We can see here no variables with high missingness is present in the top 10 important variables. This seems to be a good sign of the model having captured proper interactions between variables.


# Model training

## Variable importance with raw `ames` dataset

```{r}
ames_fit <- tabnet_fit(ames_rec, data = ames,  tabnet_model = ames_pretrain, 
                            epoch = 50, cat_emb_dim = cat_emb_dim,
                            valid_split = 0.2, verbose = TRUE, batch = 2930, 
                            early_stopping_patience = 5L, early_stopping_tolerance = 1e-4)
autoplot(ames_fit)
vip_color(ames_fit, col_with_missings)
```

![ames_fit model training diagnostic plot](ames_fit.png)

![ames_fit model training variable importance plot](ames_fit_vip_.png)
Here again, the model uses two predictors `BasmFin_SF_2` and `Garage_Finish` that have respectively 88 % and 5 % missingness.
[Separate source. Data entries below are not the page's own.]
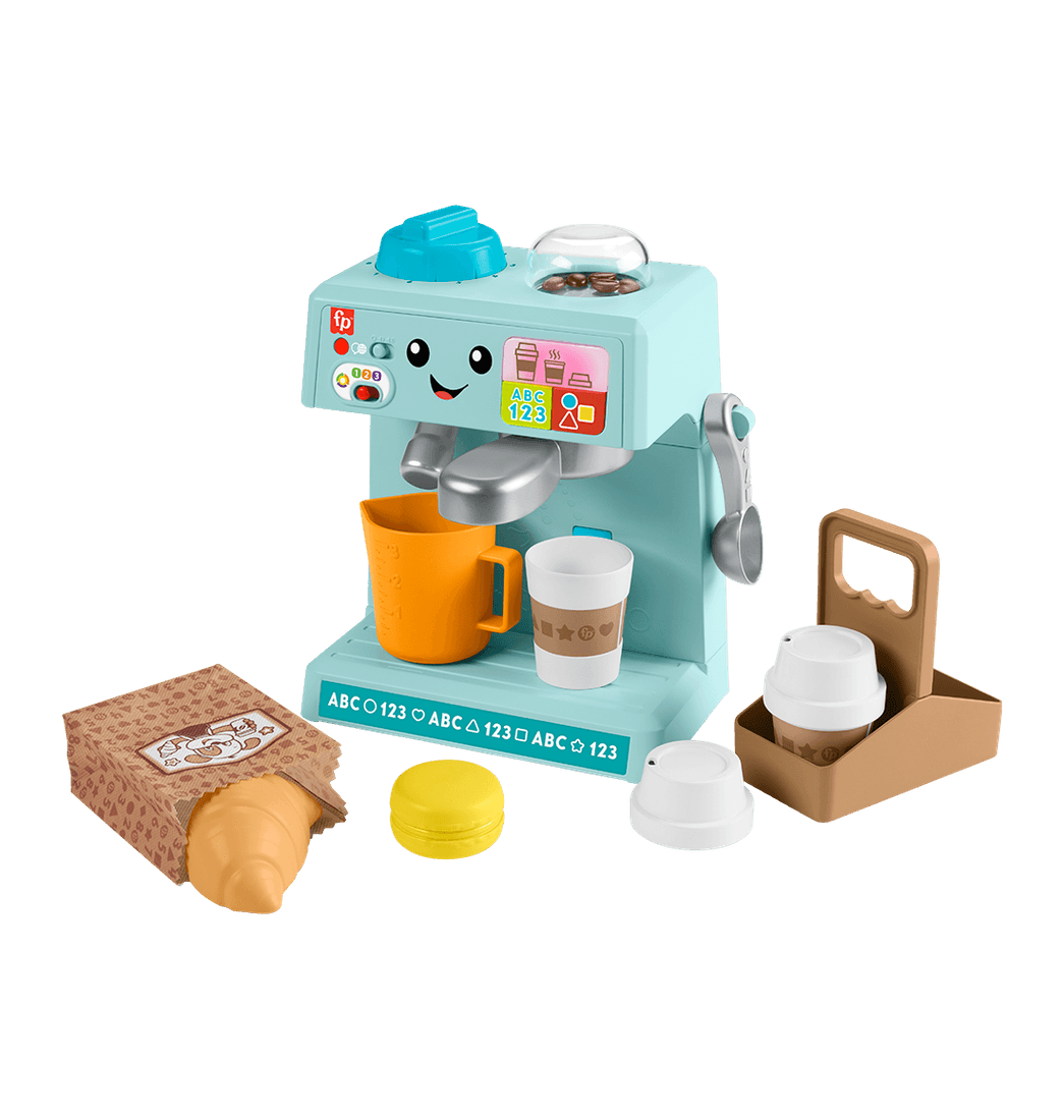 Niños y niñas pueden preparar un sinfín de tazas de juegos con el set Mi Primera Máquina de Café de Fisher-Price. Con el estilo de una máquina de café espresso real, la estación de barista interactiva Ríe y Aprende viene con 10 accesorios de juego de rol y cuenta con más de 100 canciones, sonidos y frases.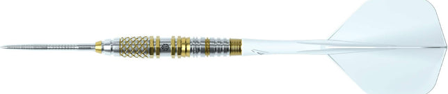 The Caliburn steel tip darts collection includes plenty of designs with darts in black titanium, gold and blue coatings to cater for the preferences of every player. The Caliburn Sandy II Dart is a visually striking dart from this range and is made from a premium 95% tungsten. This dart features a straight barrel with a ring grip and gold coating at the front and a dot grip and black coating at the rear, to cater for players who hold the dart at the front or rear of the dart.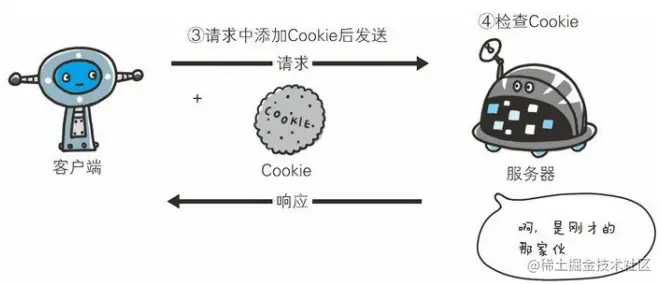 Cookie 会根据从服务器端发送的响应报文内的一个叫做 Set-Cookie 的首部字段信息,通知客户端保存 Cookie。当下次客户端再往该服务器发送请求时,客户端会自动在请求报文中加入 Cookie 值后发送出去。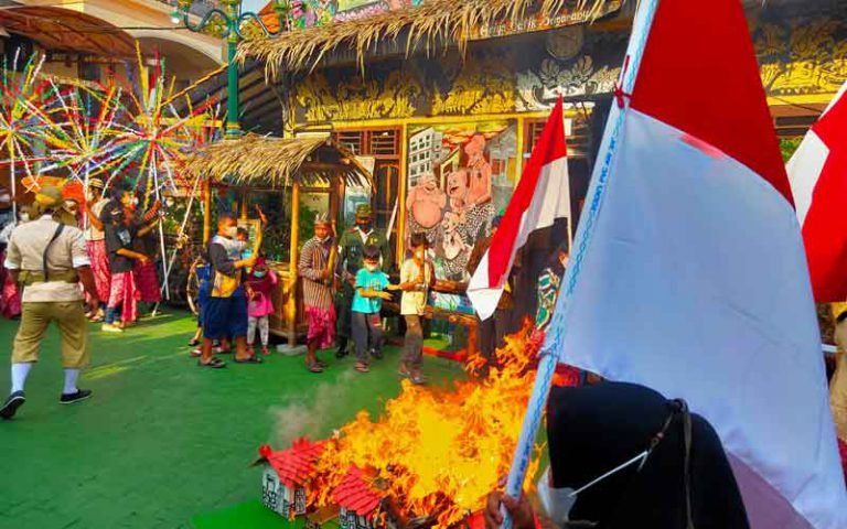 Atraksi teatrikal dimulai, sebuah replika bangunan rumah Kampung Batik yang diserbu lalu dibakar oleh tentara Jepang.

## Variable importance with `ames_missing` dataset

```{r}
ames_missing_fit <- tabnet_fit(ames_rec, data = ames_missing,  tabnet_model = ames_missing_pretrain, 
                            epoch = 50, cat_emb_dim = cat_emb_dim,
                            valid_split = 0.2, verbose = TRUE, batch = 2930, 
                            early_stopping_patience = 5L, early_stopping_tolerance = 1e-4)
autoplot(ames_missing_fit)
vip_color(ames_missing_fit, col_with_missings)
```

![ames_fit model training diagnostic plot](ames_missing_fit.png)
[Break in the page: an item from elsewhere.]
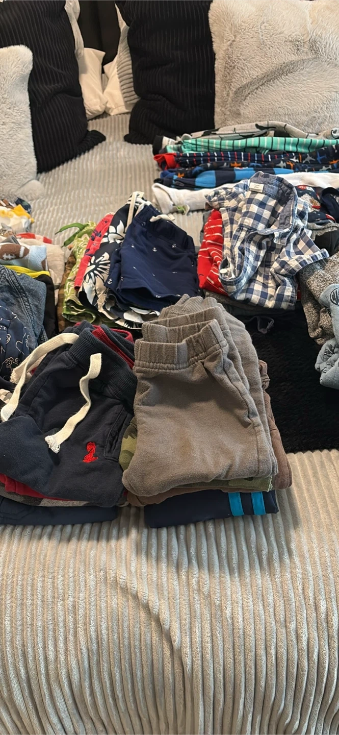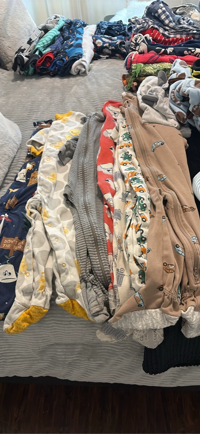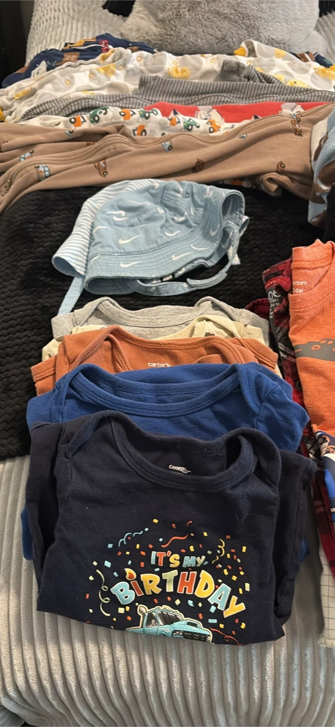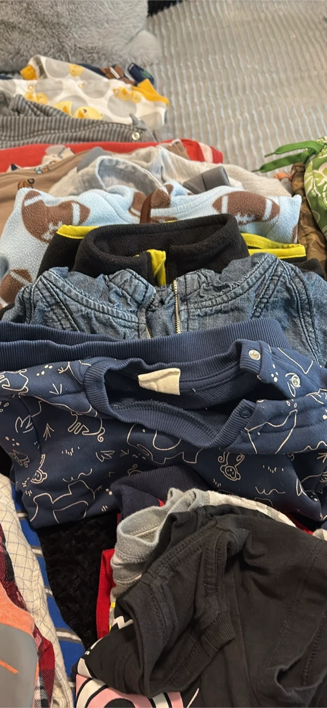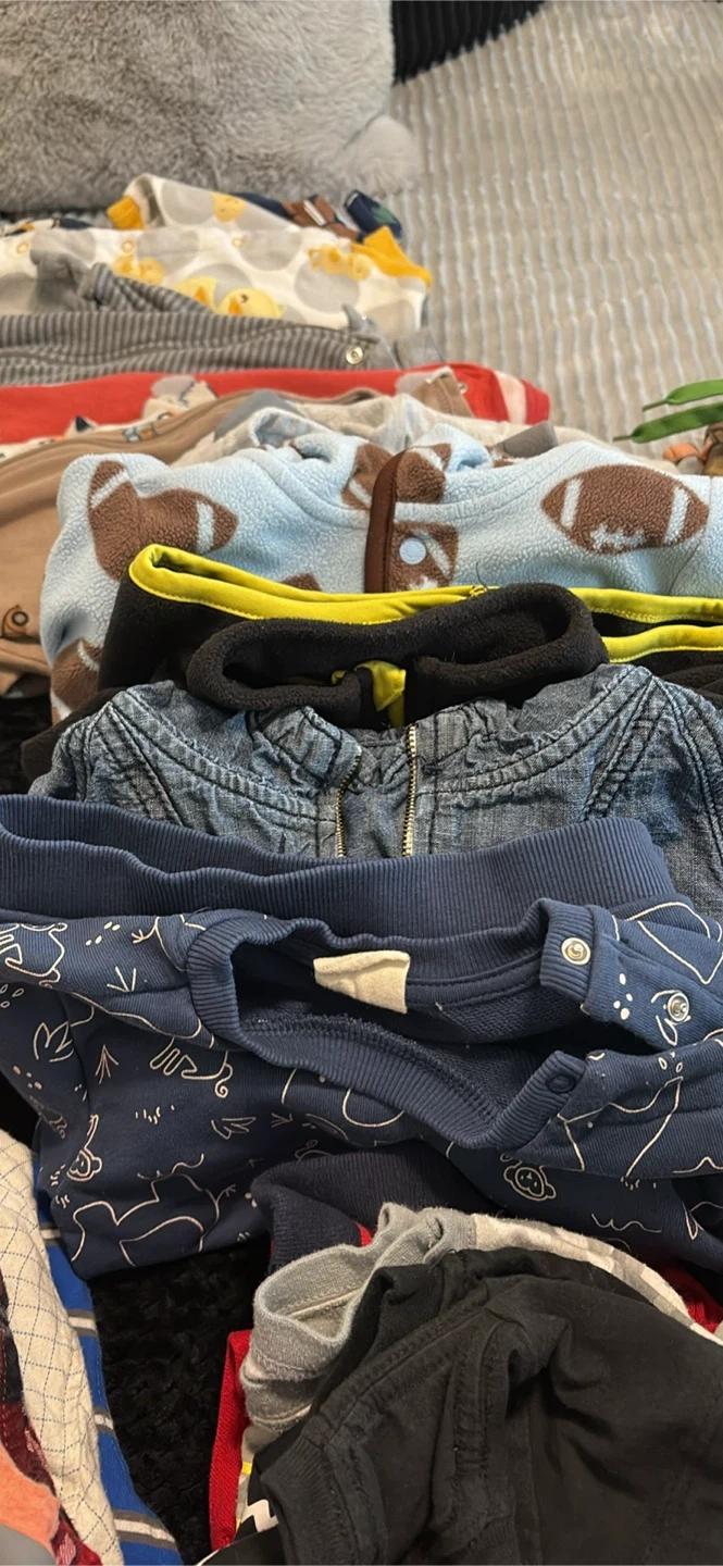 A mixed lot of baby and toddler clothing! There's a variety of items including shirts, pants, onesies, and more. Brands include Puma, Carter's and H&M. Perfect for stocking up on essentials!

![ames_fit model training variable importance plot](ames_missing_fit_vip.png)
Here we can see one predictors `Garage_Area` with 5 % missingness in the top 10.

# Conclusion

Even if the models have a huge variability in the variable importance among different training, we have the intuition that model trained with explicit missing data will provide better result than its counterpart trained with zero-imputed variables.

In any case, having the capability to pretrain and fit TabNet models with MAR dataset or MNAR dataset is of high convenience for the real-life use-cases.